Setting array length to 0 discards reserved allocation?

[Andrew Godfrey via Digitalmars-d]

On Friday, 1 August 2014 at 21:36:14 UTC, Chris Cain wrote:
> On Friday, 1 August 2014 at 07:51:32 UTC, Andrew Godfrey wrote:
>> Going through other .dd files, I found an error in 
>> expression.dd.
>> It says "For static or dynamic arrays, identity is defined as 
>> referring
>> to the same array elements and the same number of elements."
>>
>> Well, in fact:
>>
>> unittest {
>>    // expression.dd says that equality AND IDENTITY compare 
>> elements and sizes, for both "static and dynamic arrays". Gaah!
>>
>>    int[] a = new int[3];
>>    int[] b = new int[3];
>>    assert(a == b);
>>    assert(a !is b); // Nope! The doc is wrong!
>>
>>    // So then:
>>
>>    b = a;
>>    assert(b is a); // Now b points to a, and 'is' does what 
>> I'd expect.
>>    // But evidently it's because it compared the array 
>> references - not
>>    // the elements and sizes!
>> }
>>
>> I would NOT recommend updating the compiler to match what the 
>> doc says.
>> The current behavior is consistent with how assignment to an 
>> array reference behaves.
>
> I think the docs might can be cleared up in this regard, but 
> from my reading, the docs are correct on this.
>
>     int[] a = new int[3];
> and
>     int[] b = new int[3];
>
> Do not refer to the same elements. They are two different 
> allocations that happen to look alike and compare equal, but 
> they aren't referring to the same point in memory.
>
> To prove this, you can simply do `a[0] = 1;` ... did `b[0]` 
> "change" as well? (No).
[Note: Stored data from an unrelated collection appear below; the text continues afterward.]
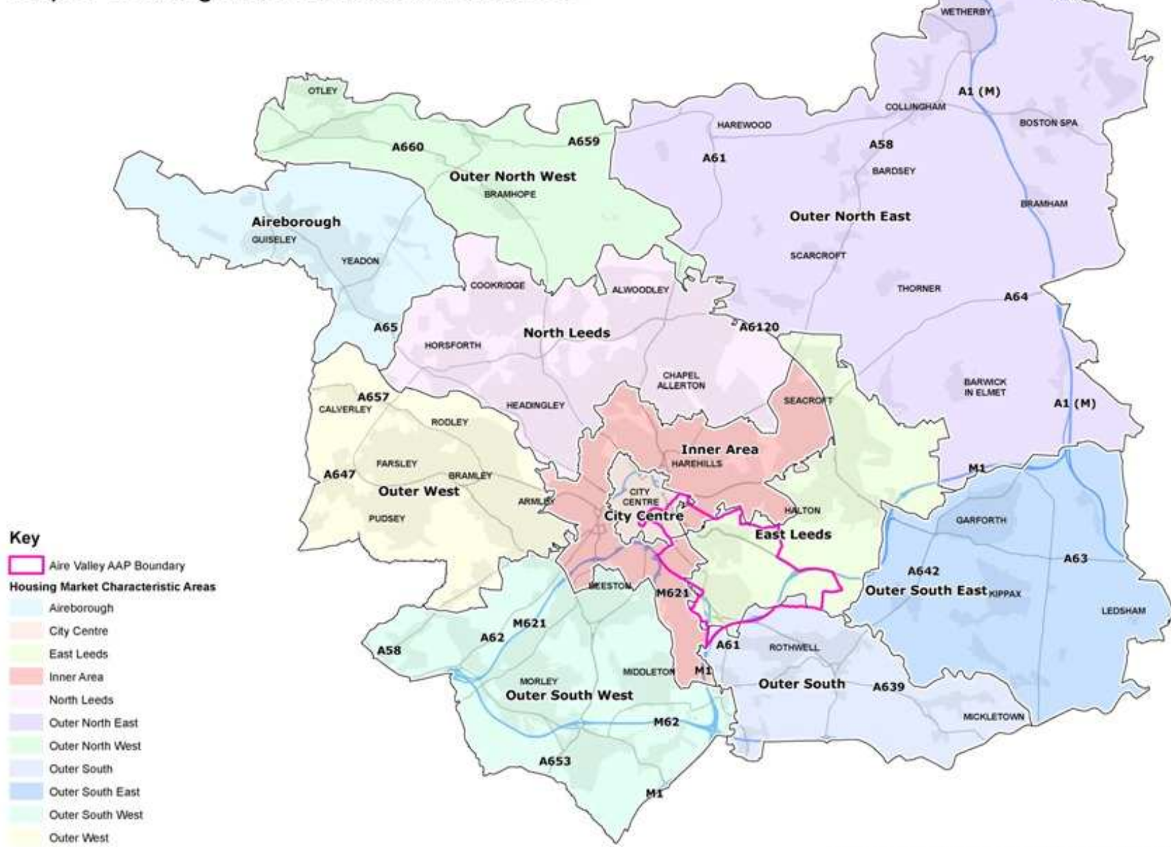
Map 2. Housing Market Characteristic Areas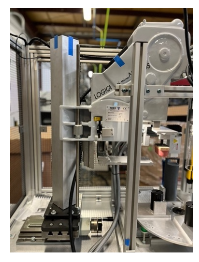
Mounting post with Z axis adjustment on top of the TO-200 XY cross table.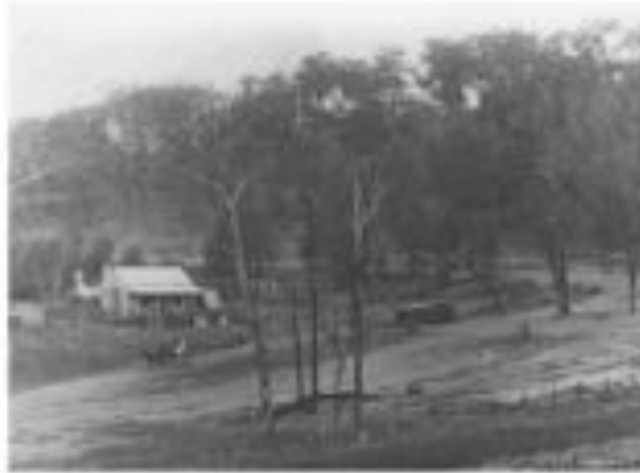
Wattle Circle were Margery Hammond was born.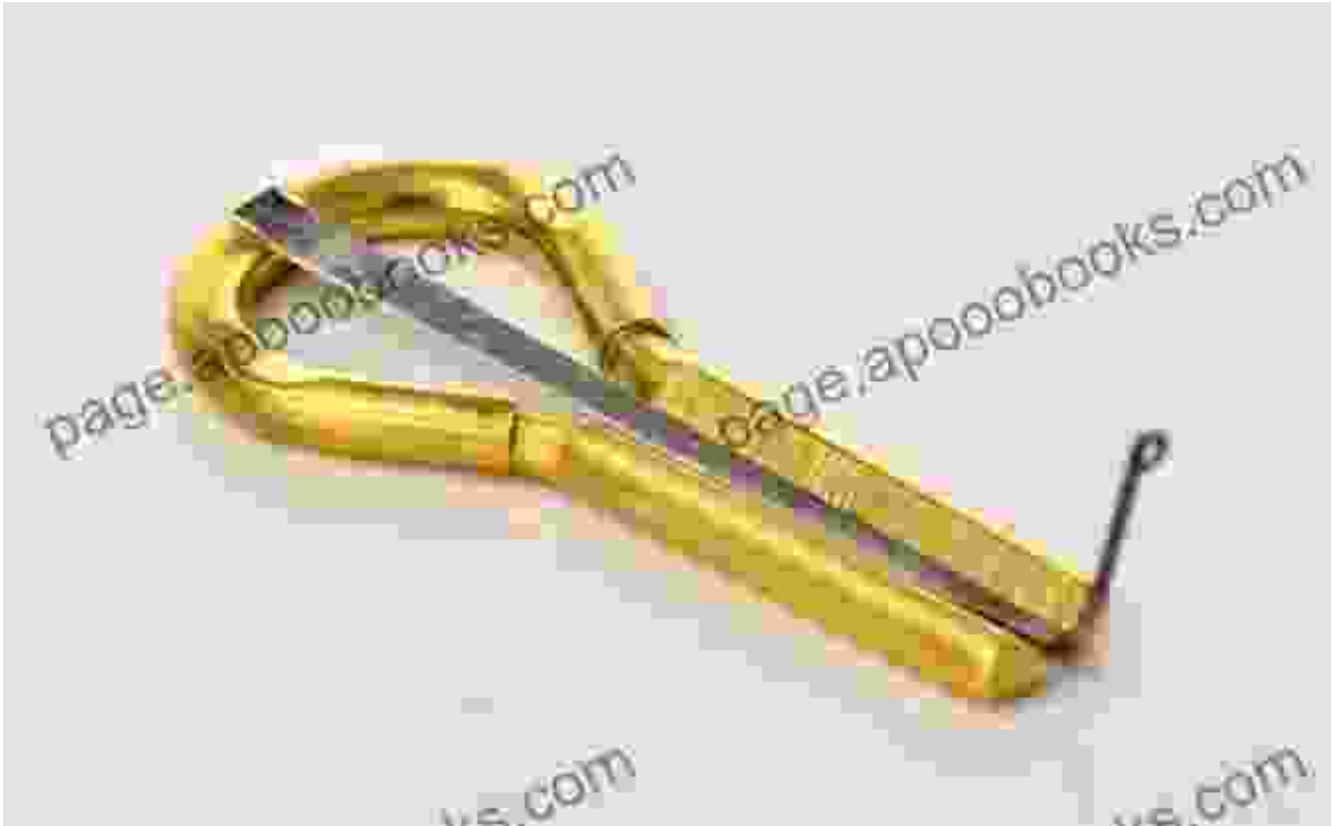
Image Description: A stunning photograph of a Jew's harp, exquisitely crafted with intricate engravings and designs. The image showcases the beauty and craftsmanship of the instrument, highlighting its historical and cultural significance.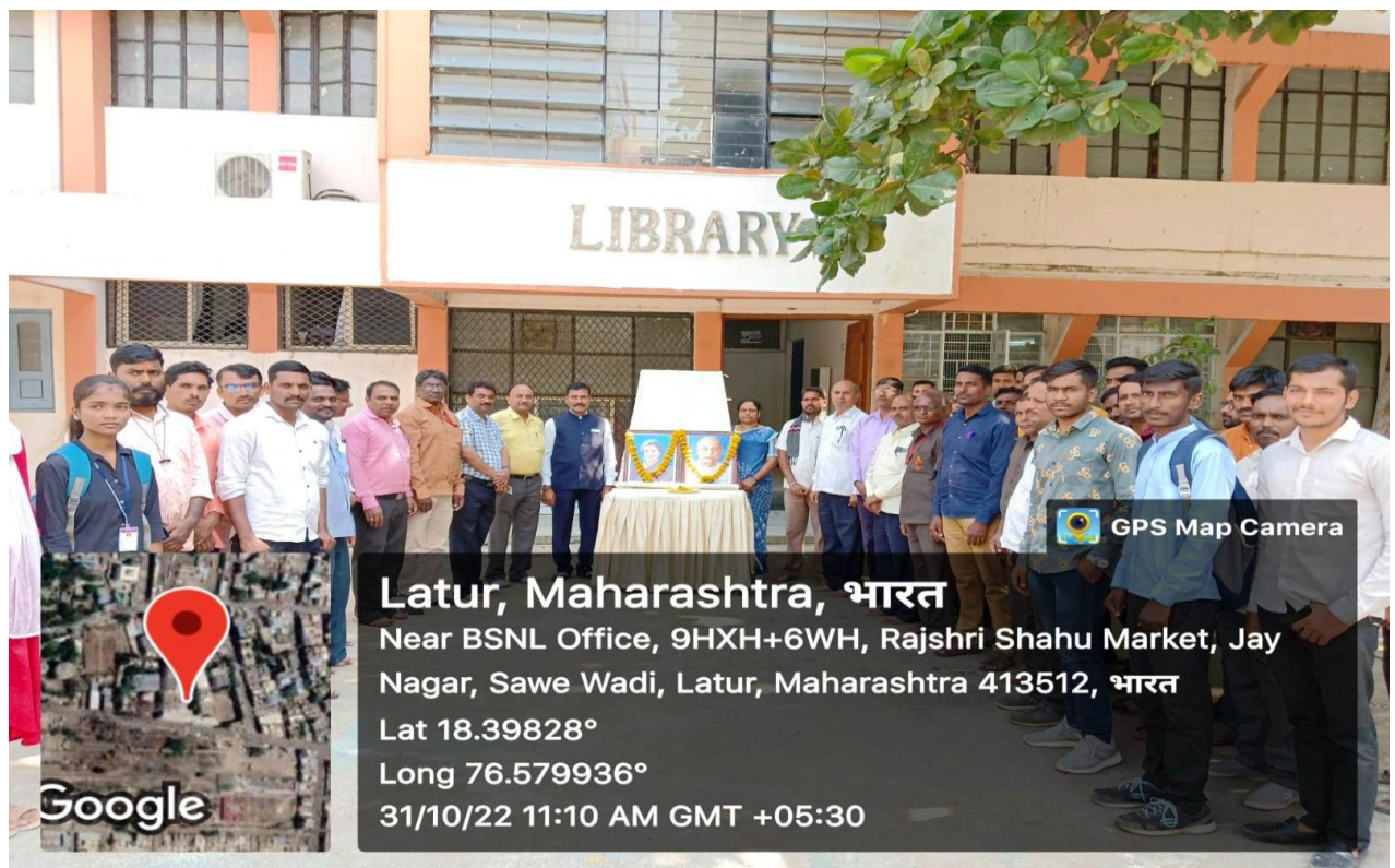
Teaching & non teaching staff and students participated in the jayanti program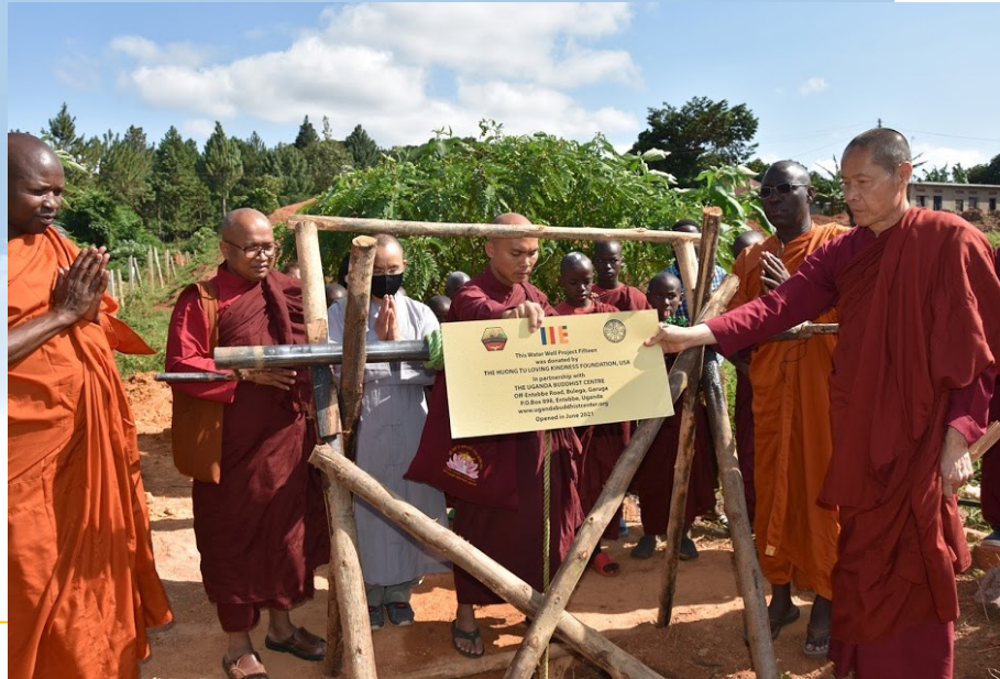
Visitors inspecting the a borehole hand-digging process at the Buddhist Primary School

The group had planned to stay in Uganda for a period of 20 days. However, following the Presidential directives and a lockdown in efforts to contain the spread of COVID-19, their visit was cut short, and so they had to leave back to the Texas on June 9th. On this day, a grand ground-breaking ceremony of the first Buddhist primary school in Uganda was conducted, and the official launch of

Then they couldn't possibly have been 
> referring to the same thing.
>
> What the docs are saying by "referring to the same array 
> elements and the same number of elements": basically, an array 
> in D is simply a pointer + length struct. The `is` operator 
> essentially does a bitwise compare, so naturally `a is b` only 
> returns true when they are bitwise identical structs, which 
> must mean they are the same in both pointer and in length, 
> which naturally means that `a == b` as well. There's no need to 
> compare elements since there's no way something doesn't equal 
> itself unless some weird trickery is going on (concurrent 
> modification?).
>
> You can imagine `is` to mean `a.ptr == b.ptr && a.length == 
> b.length` (or that they refer to the same array and they have 
> the same number of elements), but implemented in what is 
> probably a more efficient manner.

Yes, I was a bit terse in my previous retraction (was low on 
time). I realized this is what the doc was actually saying. The 
edit in the PR stands, but my description of it as fixing an 
"error" is incorrect.
The language was just a bit confusing, perhaps.
I am unable to fix the PR description at the moment but that 
shouldn't prevent review of the PR itself.